The Hessian fly passes through 2 generations per year in which adult flies deposit eggs, maggots hatch on the leaves and feed on the stalks, and after feeding the maggots pupate into a form commonly recognized as flaxseeds.

The adults are active in the early spring and late summer. Damage by maggots occurs in the late spring and early fall. As a result, when damage is noted, the flaxseed pupae can often be located near the infested tiller in the spring or associated with broken stems observed in the early summer.

Assessment

If a serious infestation of Hessian fly develops in the field, the problem is generally detected after the damage has been done and the fly is in the flaxseed stage.
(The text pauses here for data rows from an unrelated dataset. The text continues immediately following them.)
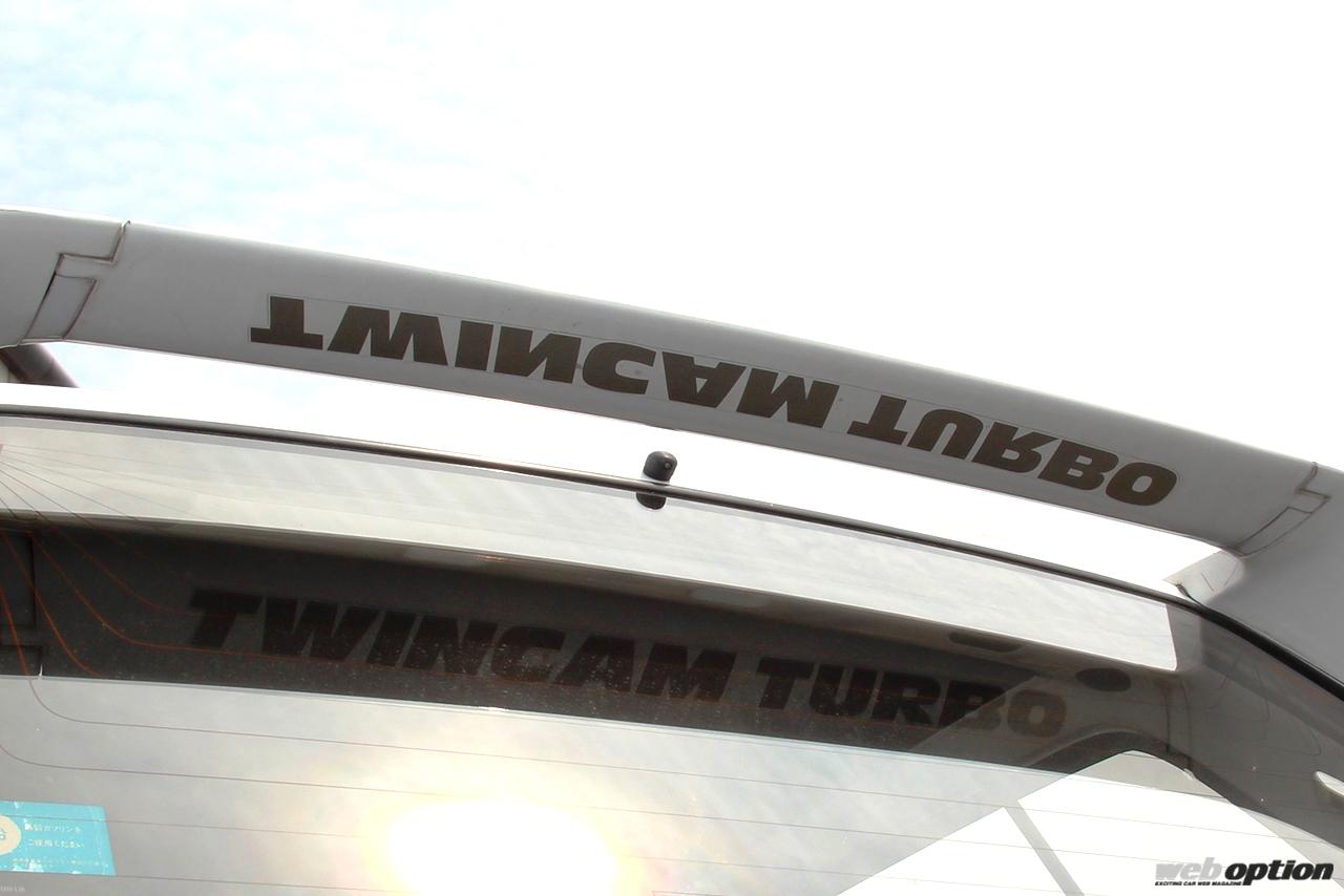 リヤウインドウを取り囲むように装着されるルーフエンドスポイラー。ウイング下面に“TWINCAM TURBO”と逆さ文字が入っているとは知らなかった。それがリヤウインドウに映り込むと正位置で読めるのだ。
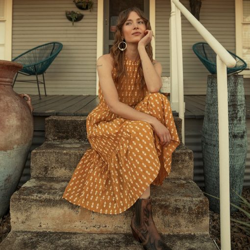 This flowing, ankle-length dress makes a playful addition to any wardrobe. It’s crafted with lightweight cotton woven with our Aztec print, and finished with side-seam pockets and an invisible zipper. A versatile option you can wear to a casual summer wedding, or to brunch with friends.
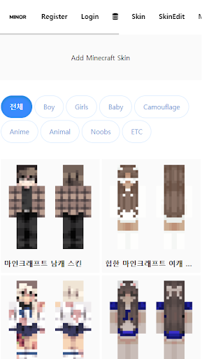 Installeer Minecraft Skin en ontmoet een verscheidenheid aan Minecraft Character Skins. Als de app niet goed werkt, klikt u op de onderstaande link. http://minecraftcharacter.com/bbs/board.php?bo_table= Minecraftskin
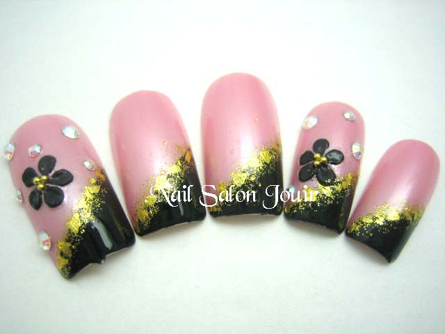 鮮やかなパールピンクに、スッキリ感のあるブラックフレンチ。
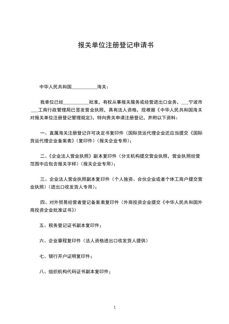 我单位已经___________批准,有权从事报关服务或经营进出口业务,___宁波市___工商行政管理局已签发营业执照,具有法人资格,现根据《中华人民共和国海关对报关单位注册登记管理规定》,特向贵关申请注册登记,并附以下资料:

Thus, rescue treatments are not applied to prevent additional damage.

Prevention of Hessian fly damage depends on two cultural methods of pest management, namely: (1) planting varieties resistant to Hessian fly and (2) planting wheat in the fall after the late summer adult egg laying period has passed.

Detection of Hessian fly injury indicates an ommision of strictly following either or both of the recommended cultural practices in a geographical area.

Control

Hessian fly control depends on breaking the life cycle in the fall by planting wheat after a 'fly free date'. If the fly population is allowed to gain a foothold in the fall, the spirng generation will be greater in number and cause significant damage.

Fly free dates in Ohio range from September 22nd near Lake Erie and Michigan to October 5th at the southern tip of Ohio. Wheat planted after the fly free date in the fall will escape the period of egg deposition by the fall brood.